→ Exercise aim
In the listing that follows, find the line with "К вопросу о", then copy exactly from it through the line with "Of course, managing", leaving out every picture.

→ Available records

——

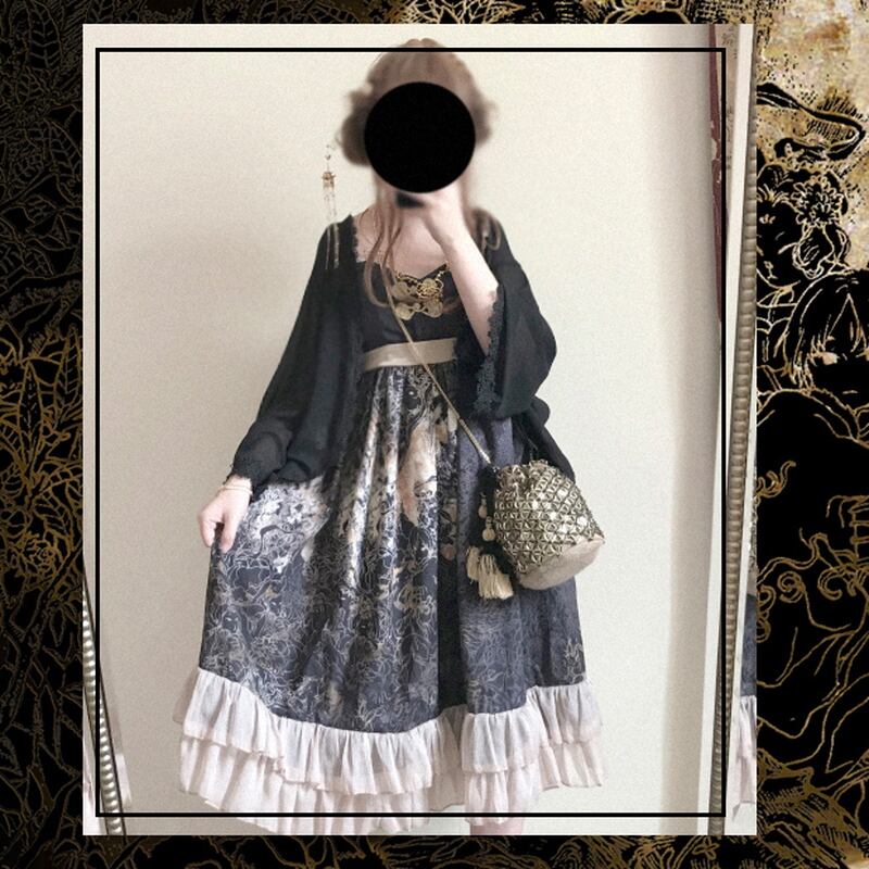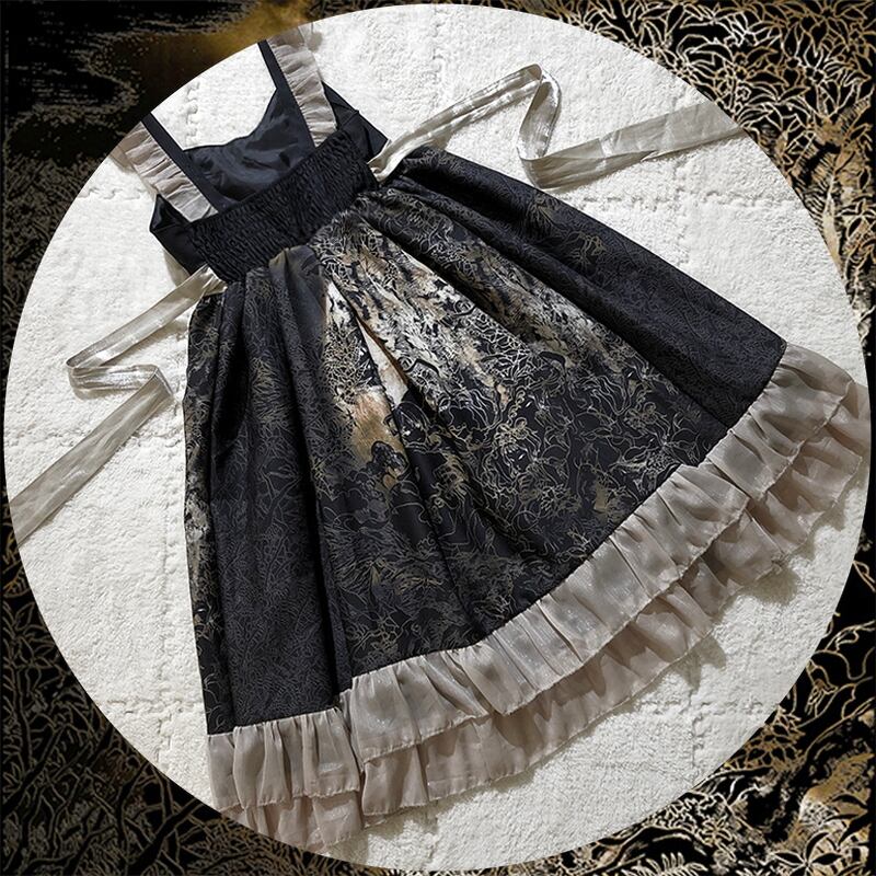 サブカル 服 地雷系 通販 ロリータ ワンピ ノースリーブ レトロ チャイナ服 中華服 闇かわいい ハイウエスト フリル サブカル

——

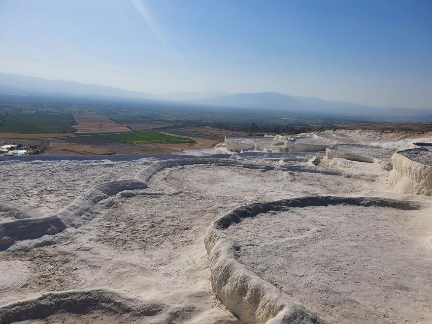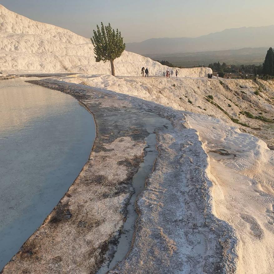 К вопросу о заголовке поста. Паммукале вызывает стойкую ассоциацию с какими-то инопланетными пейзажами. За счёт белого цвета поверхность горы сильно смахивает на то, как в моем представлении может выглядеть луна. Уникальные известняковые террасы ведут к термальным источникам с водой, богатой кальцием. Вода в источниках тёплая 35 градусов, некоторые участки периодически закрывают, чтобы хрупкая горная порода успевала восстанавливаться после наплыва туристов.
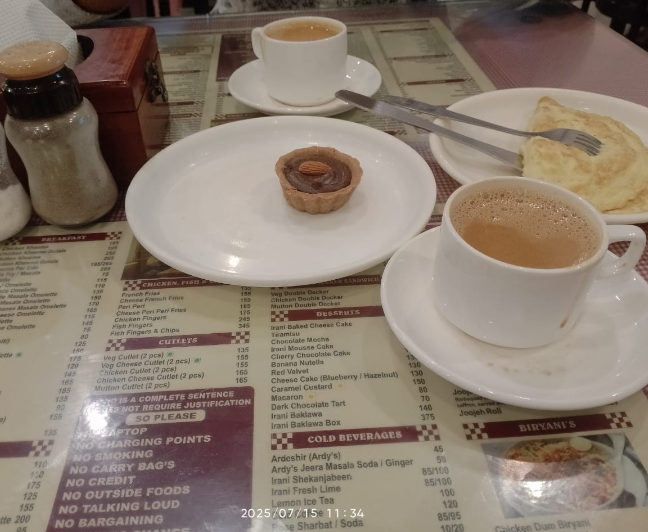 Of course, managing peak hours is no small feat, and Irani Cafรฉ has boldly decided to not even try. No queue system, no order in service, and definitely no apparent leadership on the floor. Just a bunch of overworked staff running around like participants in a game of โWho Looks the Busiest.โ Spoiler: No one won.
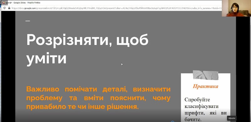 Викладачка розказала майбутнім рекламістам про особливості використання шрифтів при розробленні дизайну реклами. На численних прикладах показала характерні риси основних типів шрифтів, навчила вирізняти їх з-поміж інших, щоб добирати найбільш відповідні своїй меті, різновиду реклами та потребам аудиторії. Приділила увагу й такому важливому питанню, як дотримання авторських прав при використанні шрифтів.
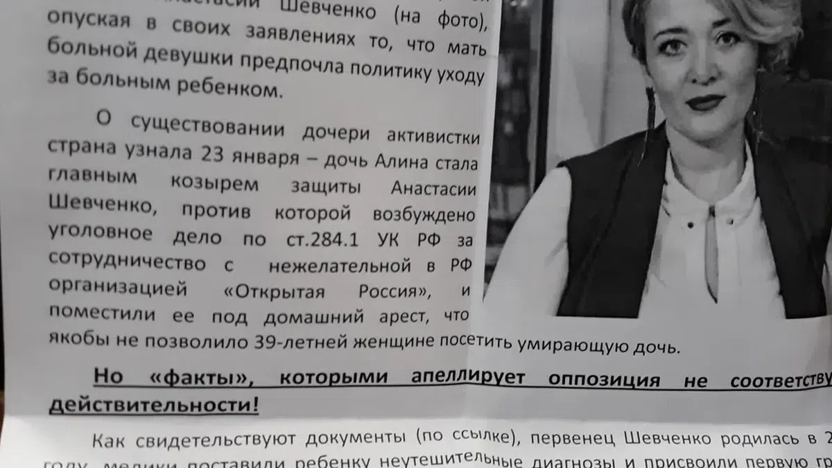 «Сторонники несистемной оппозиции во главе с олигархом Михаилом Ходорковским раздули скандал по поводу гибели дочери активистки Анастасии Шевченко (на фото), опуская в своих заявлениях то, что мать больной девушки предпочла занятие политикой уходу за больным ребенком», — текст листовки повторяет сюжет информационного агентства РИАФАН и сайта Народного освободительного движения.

——

→ Solution
 К вопросу о заголовке поста. Паммукале вызывает стойкую ассоциацию с какими-то инопланетными пейзажами. За счёт белого цвета поверхность горы сильно смахивает на то, как в моем представлении может выглядеть луна. Уникальные известняковые террасы ведут к термальным источникам с водой, богатой кальцием. Вода в источниках тёплая 35 градусов, некоторые участки периодически закрывают, чтобы хрупкая горная порода успевала восстанавливаться после наплыва туристов.
 Of course, managing peak hours is no small feat, and Irani Cafรฉ has boldly decided to not even try. No queue system, no order in service, and definitely no apparent leadership on the floor. Just a bunch of overworked staff running around like participants in a game of โWho Looks the Busiest.โ Spoiler: No one won.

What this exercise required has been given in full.